What you will do: Please return each of the entries exactly, minus their pictures.
*** Opening of Supplied information ***
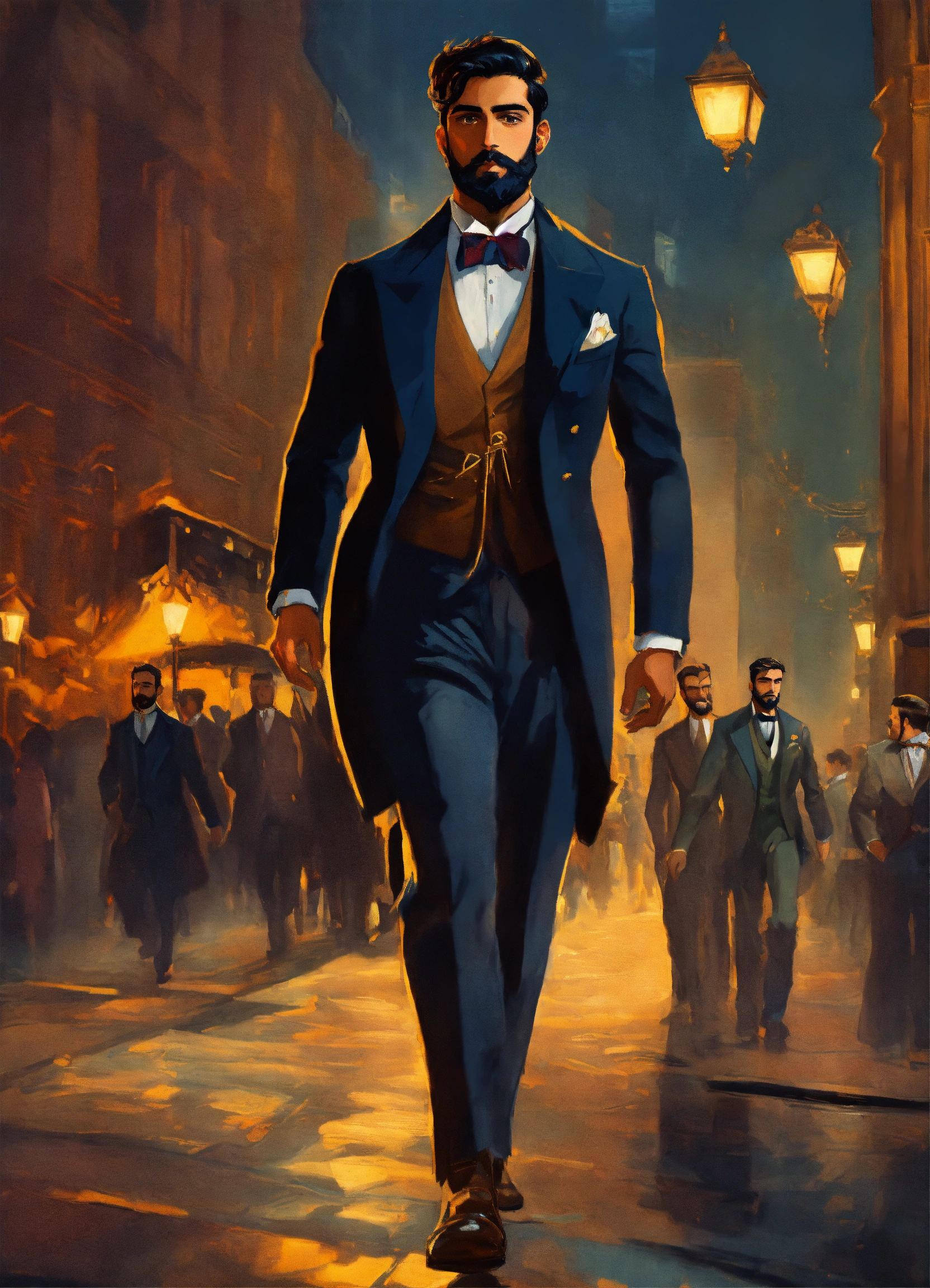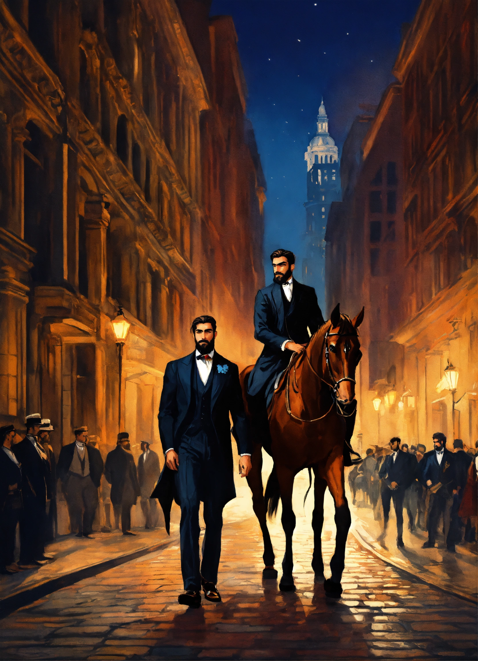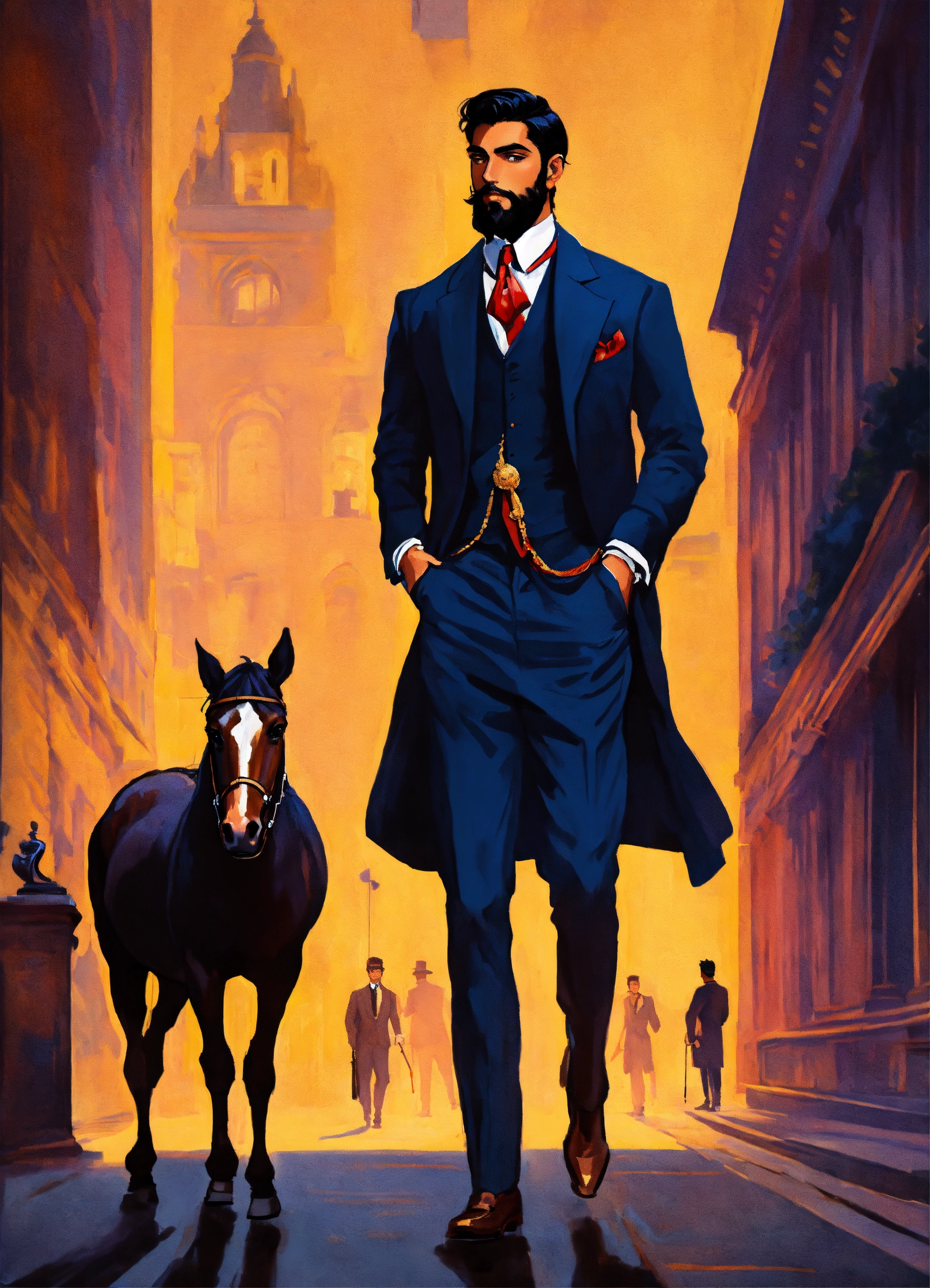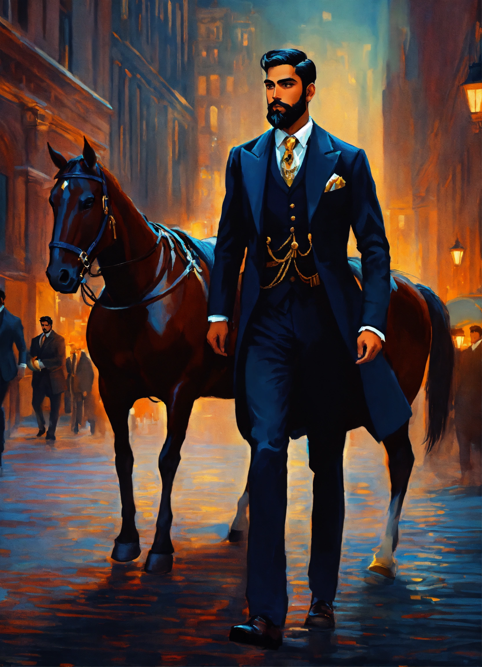Animated aristocrat from 1910 who is indian young handsome with beard, dark suit, walking with horse that is tall strong, wall street, night, digital art
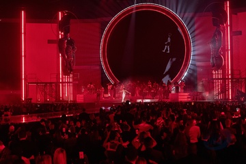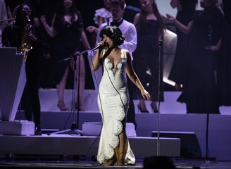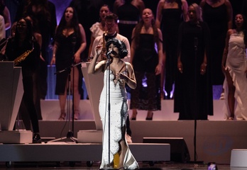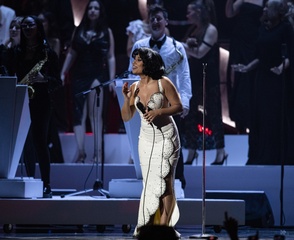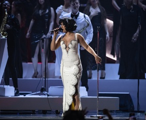 RAYE performing live at the 2024 BRIT awards ceremony, O2 Arena, London, on 2 March 2024
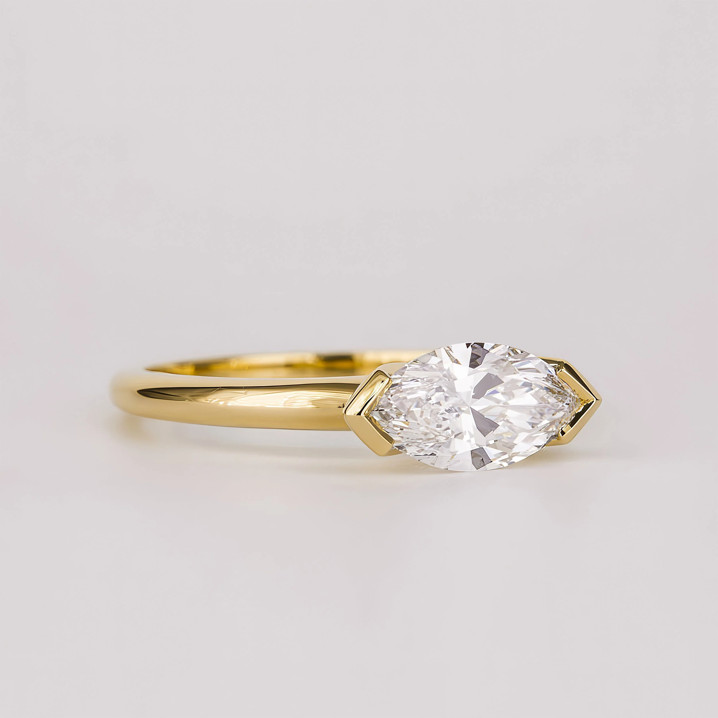 1.07 -3.0 CT Marquise Lab Grown Diamond Bezel Engagement ring
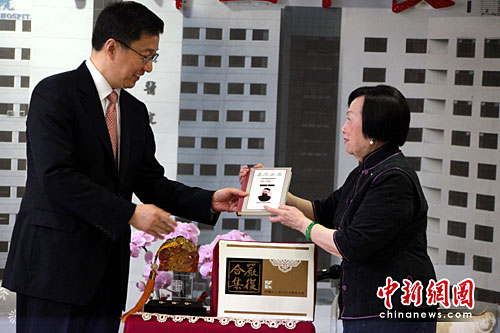 4月8日,近代著名思想家严复先生的孙女、台北振兴医院董事长辜严倬云在台北会见上海市长韩正,致送《严复合集》。中新社发 董会峰 摄
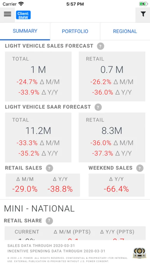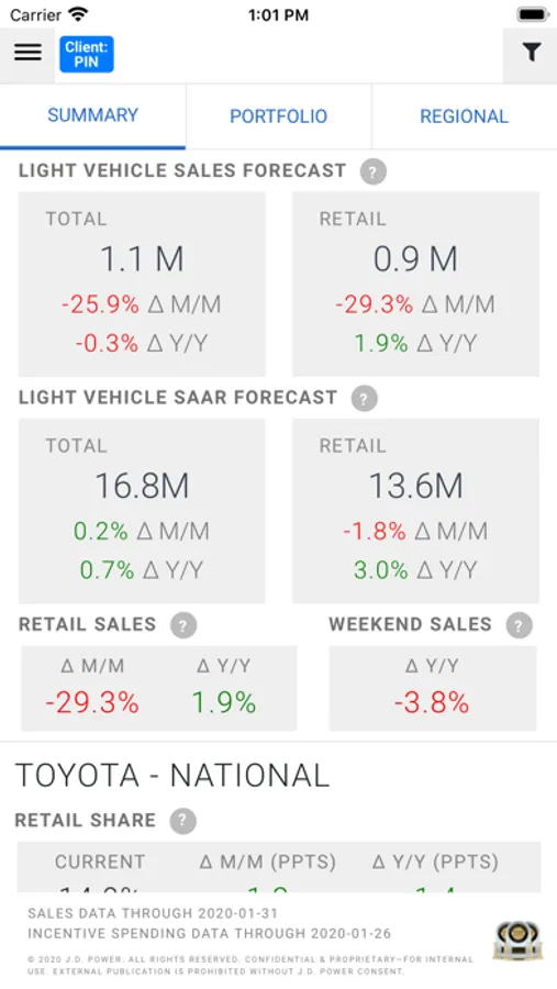 Introducing PIN Mobile, a mobile application that will connect key decision makers across the Auto industry (and across the company) with PIN sales and incentive spending information. This tool will support easy and rapid communication of near real-time market intelligence across our clients as well as across the expanding JD Power organization. PIN Mobile represents a first, but very important step toward a modern data storage and delivery platform. This site, supported by the Auto Analytics platform, will be expanded via the modernization effort to encapsulate the full suite of PIN Analytics outputs and enable clients to access best-in-the-business market intelligence via powerful data visualization tools.
*** Close of Supplied information ***
Answer section:
Animated aristocrat from 1910 who is indian young handsome with beard, dark suit, walking with horse that is tall strong, wall street, night, digital art
 RAYE performing live at the 2024 BRIT awards ceremony, O2 Arena, London, on 2 March 2024
 1.07 -3.0 CT Marquise Lab Grown Diamond Bezel Engagement ring
 4月8日,近代著名思想家严复先生的孙女、台北振兴医院董事长辜严倬云在台北会见上海市长韩正,致送《严复合集》。中新社发 董会峰 摄
 Introducing PIN Mobile, a mobile application that will connect key decision makers across the Auto industry (and across the company) with PIN sales and incentive spending information. This tool will support easy and rapid communication of near real-time market intelligence across our clients as well as across the expanding JD Power organization. PIN Mobile represents a first, but very important step toward a modern data storage and delivery platform. This site, supported by the Auto Analytics platform, will be expanded via the modernization effort to encapsulate the full suite of PIN Analytics outputs and enable clients to access best-in-the-business market intelligence via powerful data visualization tools.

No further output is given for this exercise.